Spokane Ag Expo to attract thousands

Feb. 5—The Spokane Ag Expo and Pacific Northwest Farm Forum welcomes vendors and speakers beginning Tuesday to help inform and equip Inland Northwest farmers for the coming year.

The event has grown since 1978 to become one of the largest farm shows in North America, according to a release from Greater Spokane Inc., which puts on the event.

Massive tractors the size of homes were in place Monday, and the remaining square footage of the Spokane Convention Center was packed tightly with vehicles, farming equipment and seemingly endless tables of vendors.

Melisa Paul, show director, expects about 7,000 attendants. Of those expected, about 5,000 are patrons and 2,000 are representatives of the more than 200 vendors.

Paul said the event is vital to farmers in Washington and beyond.

“We grow over 400 commodities across the state,” she said. “It’s a true business-to-business trade show, and we’re proud to support the industry by bringing folks together.”

The three-day event will begin Tuesday. The exhibit floor will open at 9 a.m. and close at 4 p.m.

The “watering hole” will be open from 11 a.m. to 6 p.m. This area is at the Riverside Lookout, on the northern side of the building. It will include drinks, live music and a chance for attendees to network, Paul said.

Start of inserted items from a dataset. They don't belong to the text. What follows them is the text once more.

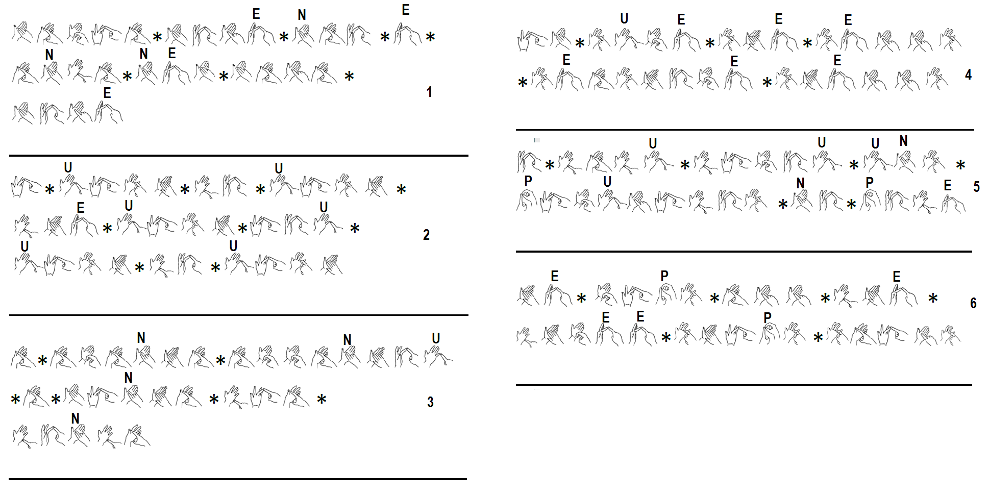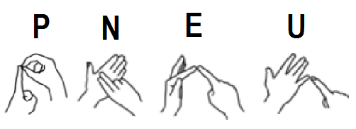 Como vemos na palavra “pneu”, o “N” é feito com dois dedos na palma da mão. Assim, podemos supor que o “M” seria feito com três dedos, por causa das três “pernas”.
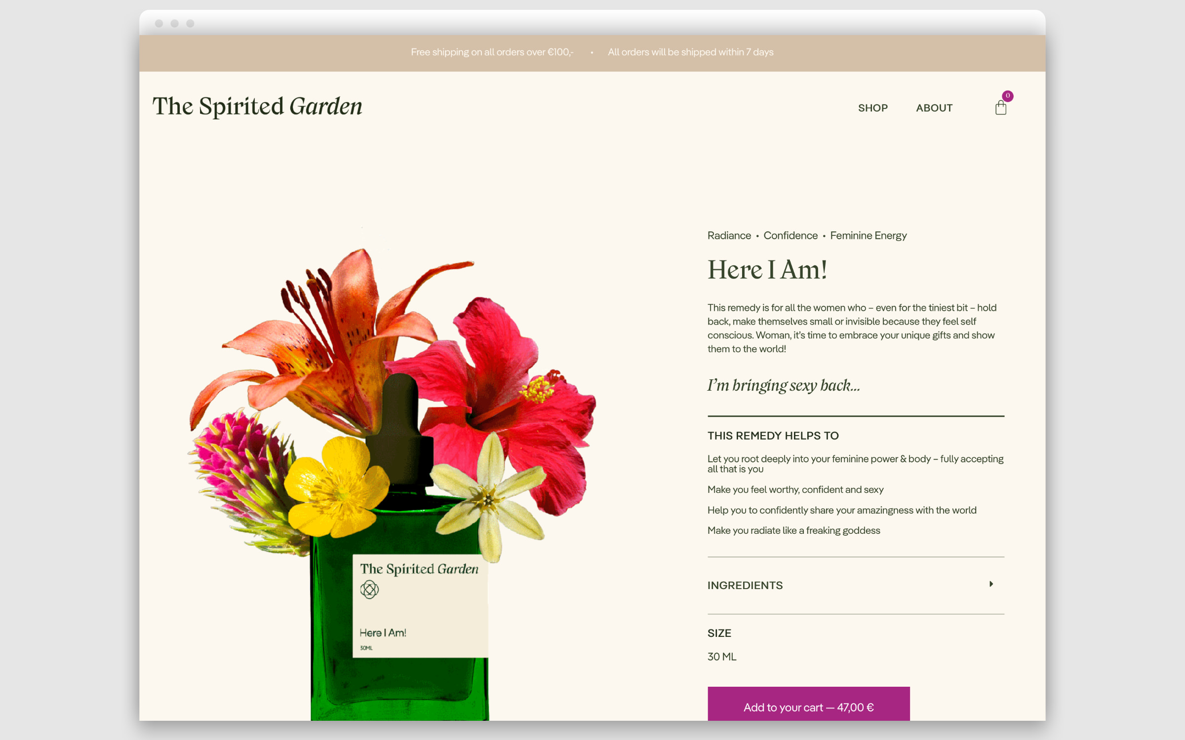 The presentation of the products products is both emotional and factual. The animated illustrations are eye-catching: The remedy bottles are arranged like flower vases in which colourful blossoms dance. The typography is informal and clear but without being clinical. Lyrical headlines, set in the extravagant Nikolai, stimulate the imagination. While small print, set in Pangea, provides transparent information. Product-specific quotes (“I’m bringing sexy back…”) are set in Nikolai Italic.
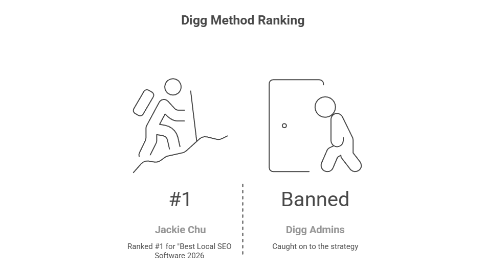 3. Case Study: Ranked #1, Then Got BannedIt's one thing to hear about a strategy. It's another to watch someone execute it live and document what happens. Jackie Chu used the Digg method to rank #1 for "Best Local SEO Software 2026" in record time. Then the admins caught on. This is a masterclass in Parasite SEO—high risk, high reward. What you'll discover:
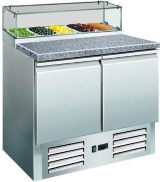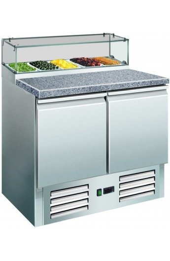 Saladette Plan Granite | 2 Portes avec Présentoir 5x 1/6GN | 900x700x1180(h)mm
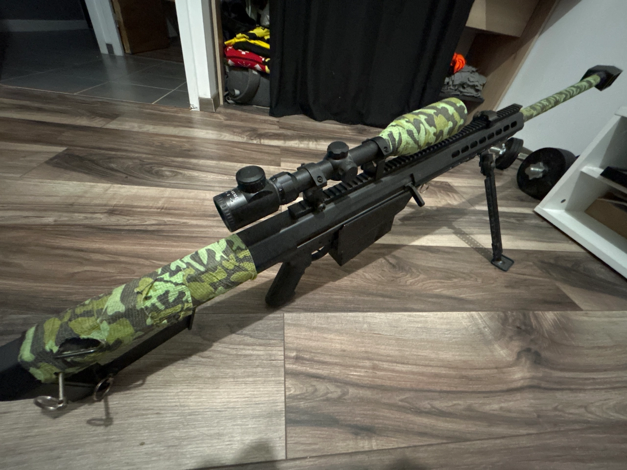 Bonjour vends ou échange Sniper Barrett M82A1 Snow wolf AEG full metal jamais vue le terrain service pour du tir de loisir hésite pas à me contacter par sms
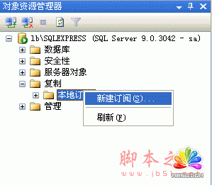 接下來,我們配置訂閱服務器。訂閱服務器是winxp系統(tǒng),SqlServer版本為SqlServer 2005 Manager Studio Express ,只支持訂閱。
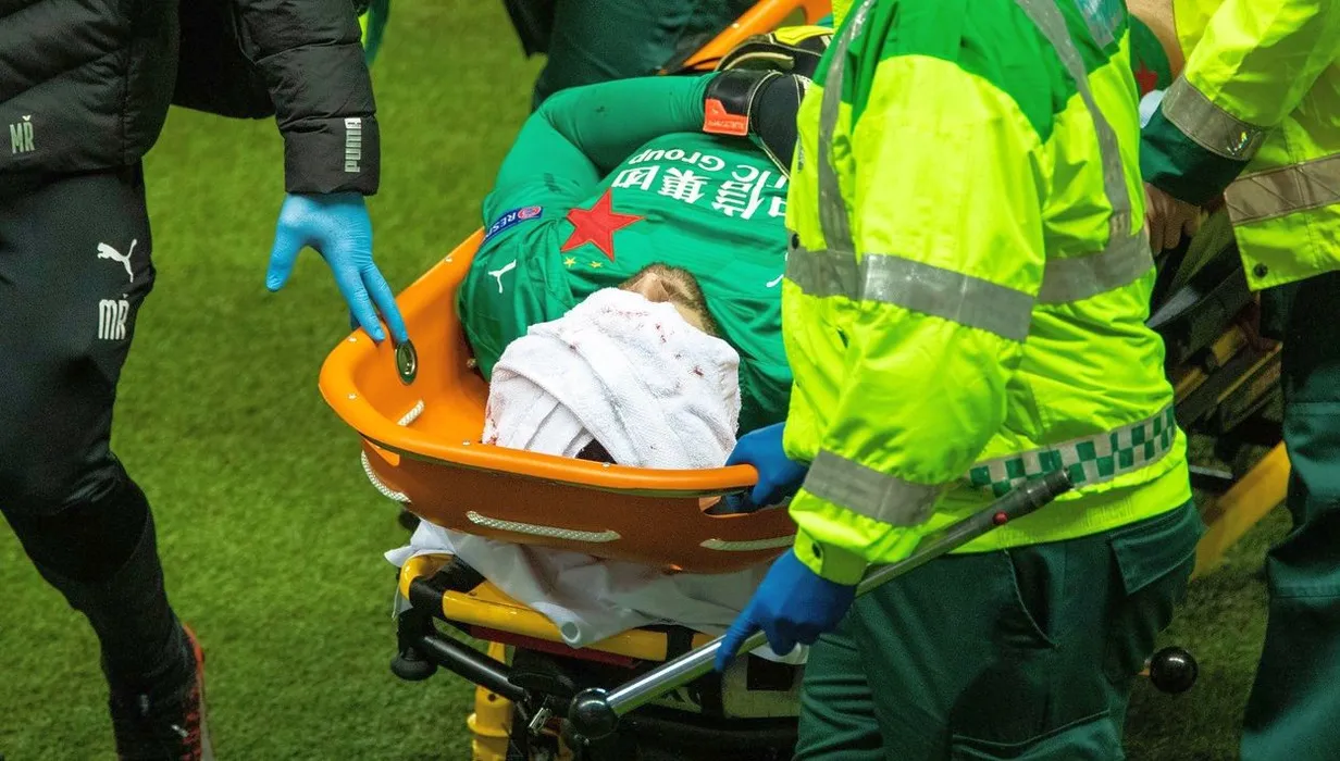 Ondrej Kolár of Slavia Praha gets treatment for his facial injury during the Europa League last 16 match at Ibrox Stadium, Glasgow.
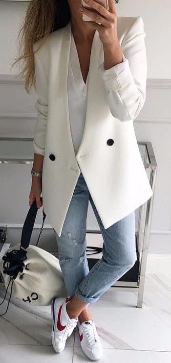 Окрема модна фішка сезону - однотонні піджаки білого, бежевого, кремового, пудрового та інших подібних кольорів. Така деталь одягу виглядає одночасно і по-діловому, і романтично. Тому підійде як для офісу, так і для побачення.

Thursday, the last day of the show, both exhibit floor and watering hole hours will close earlier at 2 p.m.

Perhaps most anticipated will be speeches from industry experts.

At Tuesday’s start of the AgShow will be a climate report from long-term weather forecaster, Art Douglas.

Douglas has earned the nickname “The Weatherman” because of his accurate and useful predictions that Paul said many farmers depend on.

“He’s a big draw,” she said. “The (agriculture) community is nothing without understanding the weather. It has everything to do with when they seed, expected yields and how their crops will be affected.”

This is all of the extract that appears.